TO DO: Pictures are to be left out. Return exactly the lines below from the one with "NCRT specializes in" up to and including the one with "Rich Brown (CAS)".

[Opening MATERIAL FOR THIS TASK section]

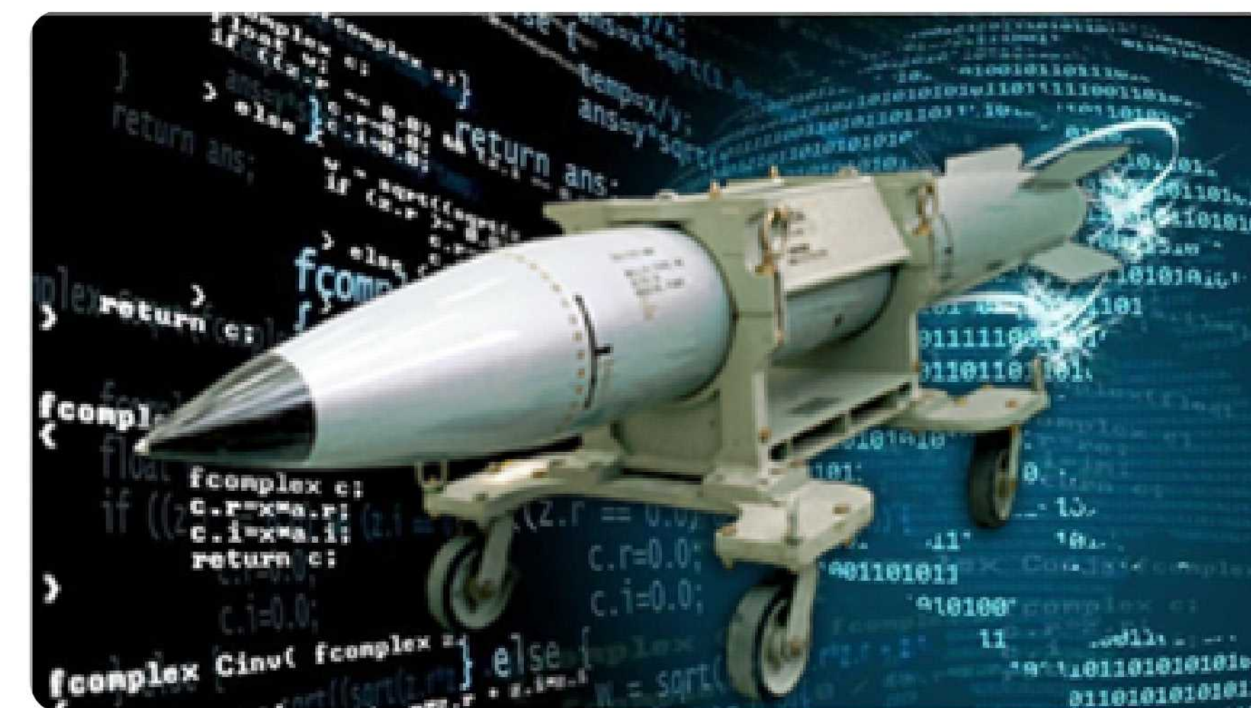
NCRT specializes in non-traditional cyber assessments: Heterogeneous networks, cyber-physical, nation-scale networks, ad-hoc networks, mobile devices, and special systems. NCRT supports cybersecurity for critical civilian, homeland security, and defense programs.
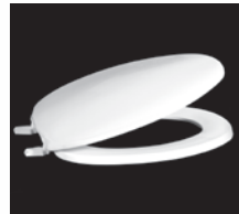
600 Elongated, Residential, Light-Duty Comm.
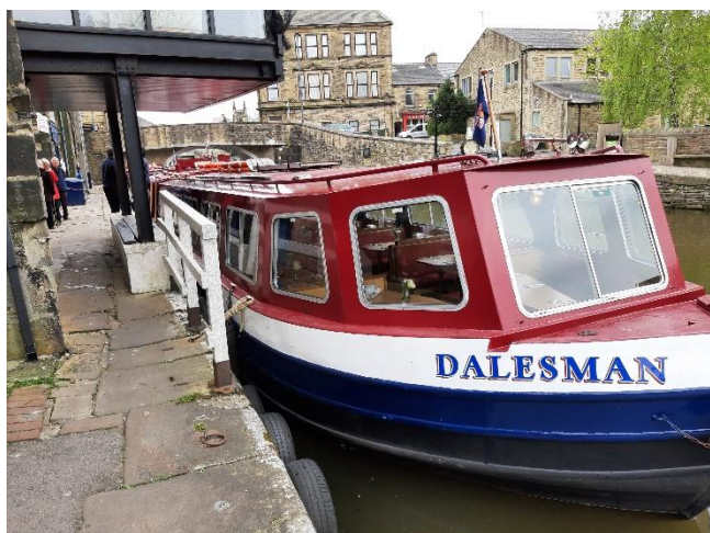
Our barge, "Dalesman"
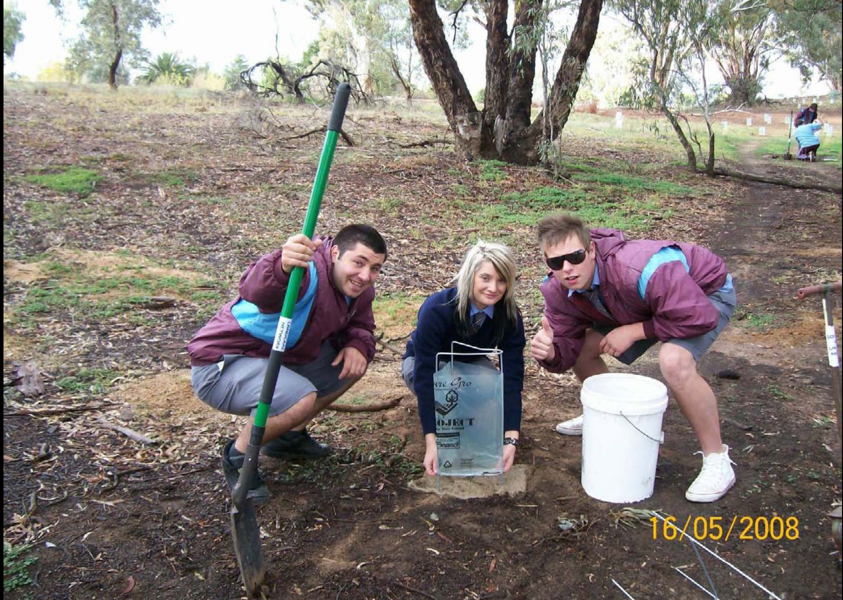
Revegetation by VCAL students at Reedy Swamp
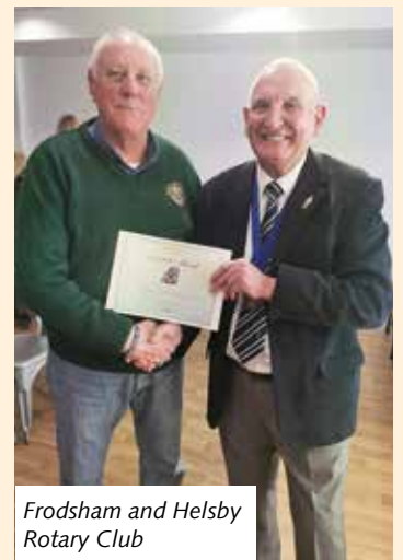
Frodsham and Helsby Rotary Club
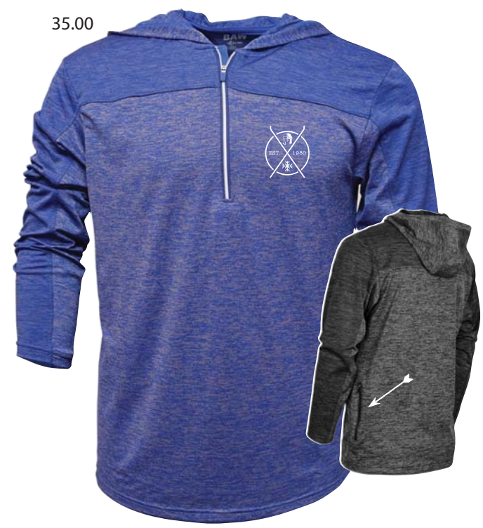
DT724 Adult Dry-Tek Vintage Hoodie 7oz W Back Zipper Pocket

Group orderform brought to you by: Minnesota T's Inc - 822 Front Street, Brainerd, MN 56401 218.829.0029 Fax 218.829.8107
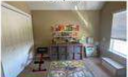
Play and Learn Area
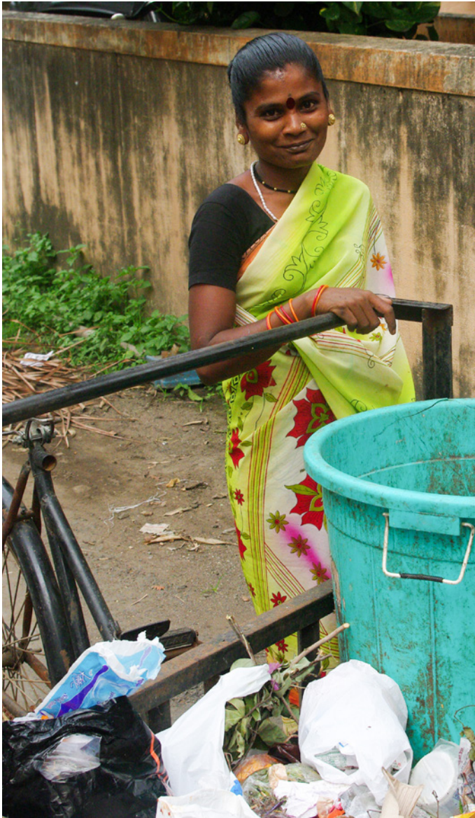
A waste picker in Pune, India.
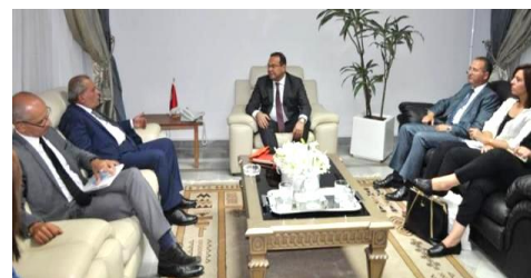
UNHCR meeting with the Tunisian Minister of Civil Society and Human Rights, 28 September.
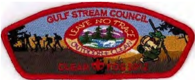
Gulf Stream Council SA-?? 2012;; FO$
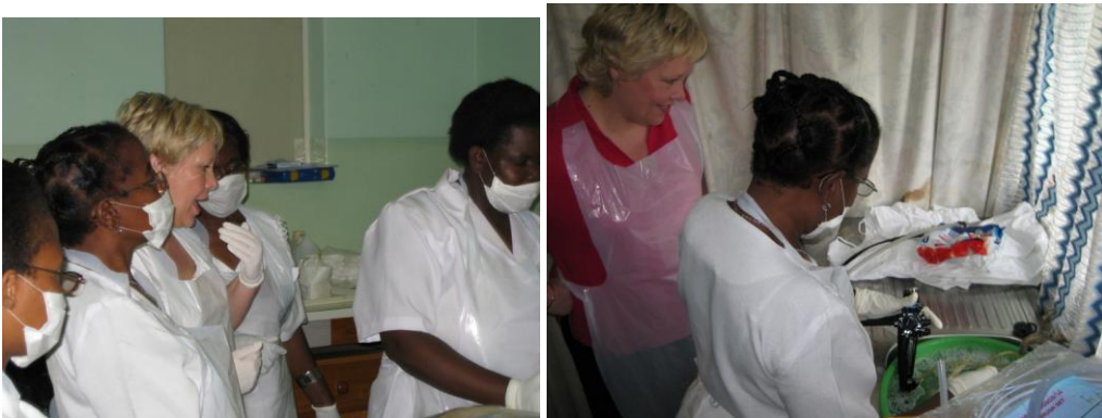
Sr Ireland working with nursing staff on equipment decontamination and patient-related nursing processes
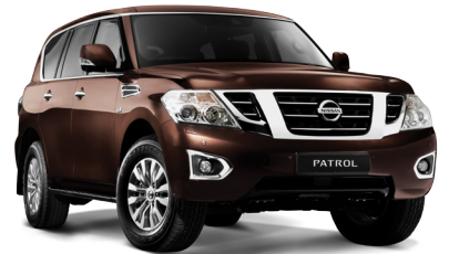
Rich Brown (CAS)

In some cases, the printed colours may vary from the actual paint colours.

[Closing MATERIAL FOR THIS TASK section]
[Opening MATERIAL FOR THIS TASK section]

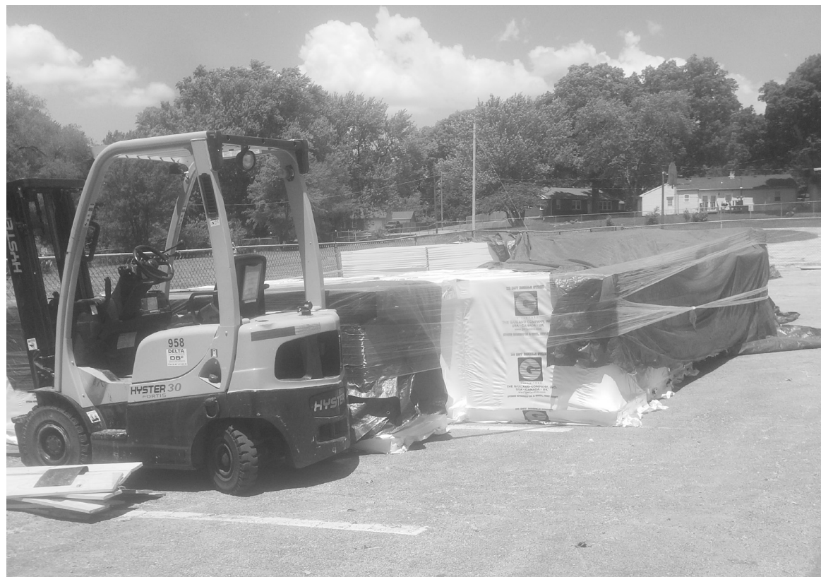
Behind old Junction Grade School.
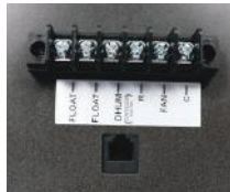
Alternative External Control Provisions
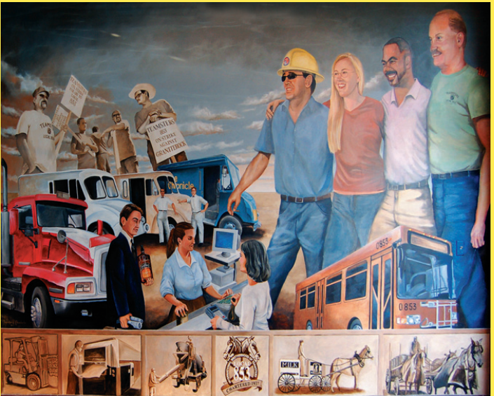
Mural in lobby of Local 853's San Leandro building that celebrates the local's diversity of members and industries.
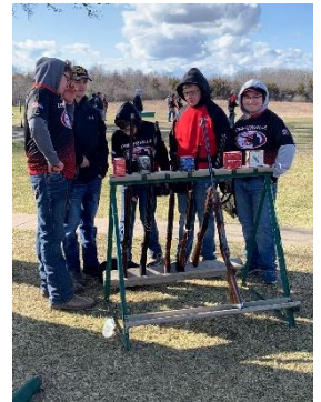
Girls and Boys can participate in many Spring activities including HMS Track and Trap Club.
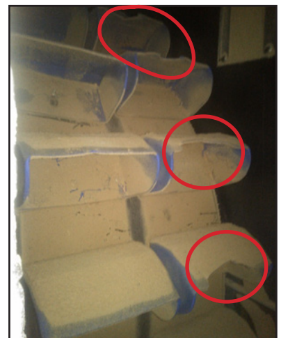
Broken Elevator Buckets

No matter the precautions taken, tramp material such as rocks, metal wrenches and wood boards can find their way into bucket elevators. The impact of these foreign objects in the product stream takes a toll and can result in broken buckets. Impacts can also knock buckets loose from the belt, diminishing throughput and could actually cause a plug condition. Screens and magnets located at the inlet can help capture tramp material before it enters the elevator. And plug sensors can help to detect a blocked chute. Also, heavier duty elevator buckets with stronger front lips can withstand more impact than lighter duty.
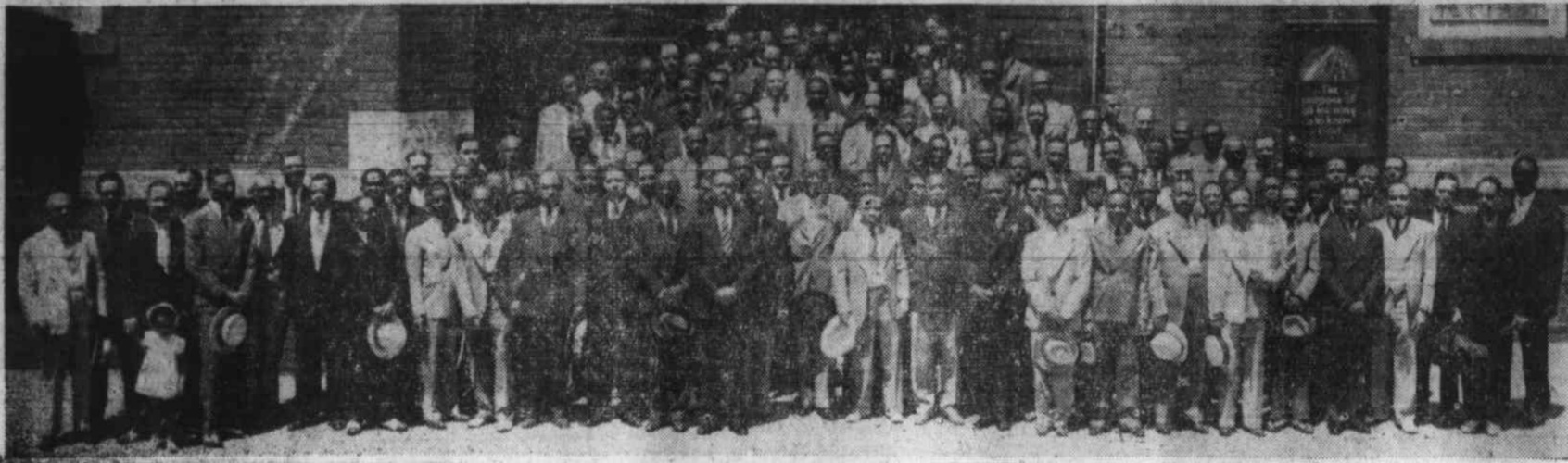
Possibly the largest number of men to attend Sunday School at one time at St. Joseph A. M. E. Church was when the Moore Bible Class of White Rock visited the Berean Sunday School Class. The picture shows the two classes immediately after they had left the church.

[Closing MATERIAL FOR THIS TASK section]
[Opening MATERIAL FOR THIS TASK section]

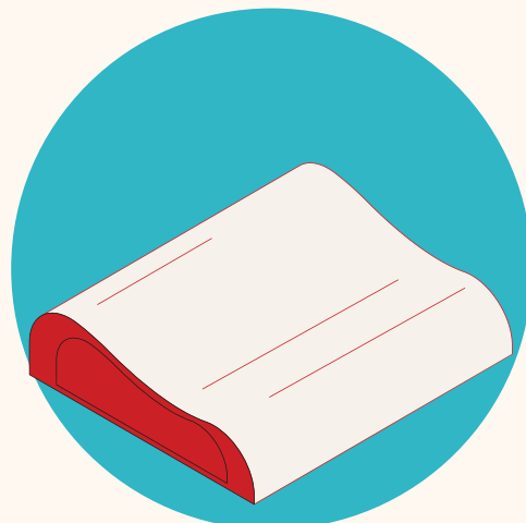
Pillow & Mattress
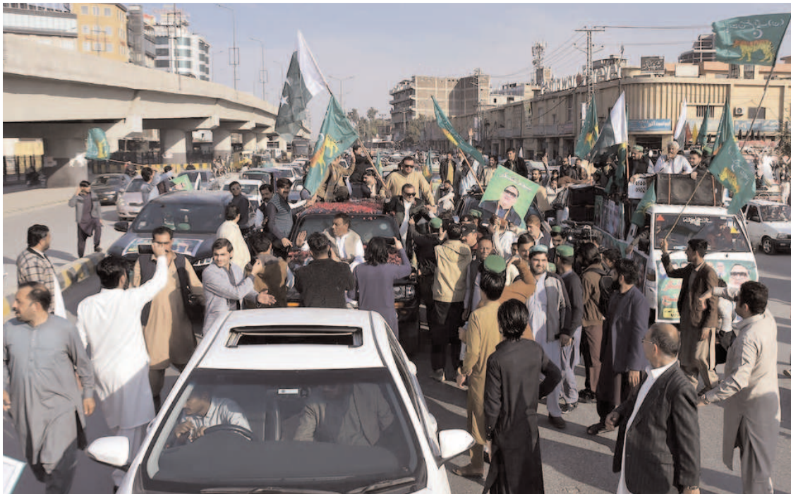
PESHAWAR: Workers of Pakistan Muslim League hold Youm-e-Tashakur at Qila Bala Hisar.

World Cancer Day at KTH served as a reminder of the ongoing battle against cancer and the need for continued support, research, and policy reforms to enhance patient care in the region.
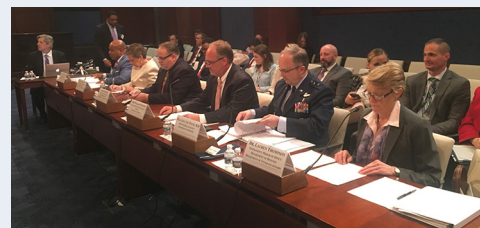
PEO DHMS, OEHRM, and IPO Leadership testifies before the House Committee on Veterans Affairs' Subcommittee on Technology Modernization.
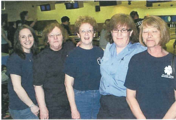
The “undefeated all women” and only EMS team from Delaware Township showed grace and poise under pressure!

[Closing MATERIAL FOR THIS TASK section]

ANSWER FOR THIS EXERCISE:
NCRT specializes in non-traditional cyber assessments: Heterogeneous networks, cyber-physical, nation-scale networks, ad-hoc networks, mobile devices, and special systems. NCRT supports cybersecurity for critical civilian, homeland security, and defense programs.
600 Elongated, Residential, Light-Duty Comm.
Our barge, "Dalesman"
Revegetation by VCAL students at Reedy Swamp
Frodsham and Helsby Rotary Club
DT724 Adult Dry-Tek Vintage Hoodie 7oz W Back Zipper Pocket

Group orderform brought to you by: Minnesota T's Inc - 822 Front Street, Brainerd, MN 56401 218.829.0029 Fax 218.829.8107
Play and Learn Area
A waste picker in Pune, India.
UNHCR meeting with the Tunisian Minister of Civil Society and Human Rights, 28 September.
Gulf Stream Council SA-?? 2012;; FO$
Sr Ireland working with nursing staff on equipment decontamination and patient-related nursing processes
Rich Brown (CAS)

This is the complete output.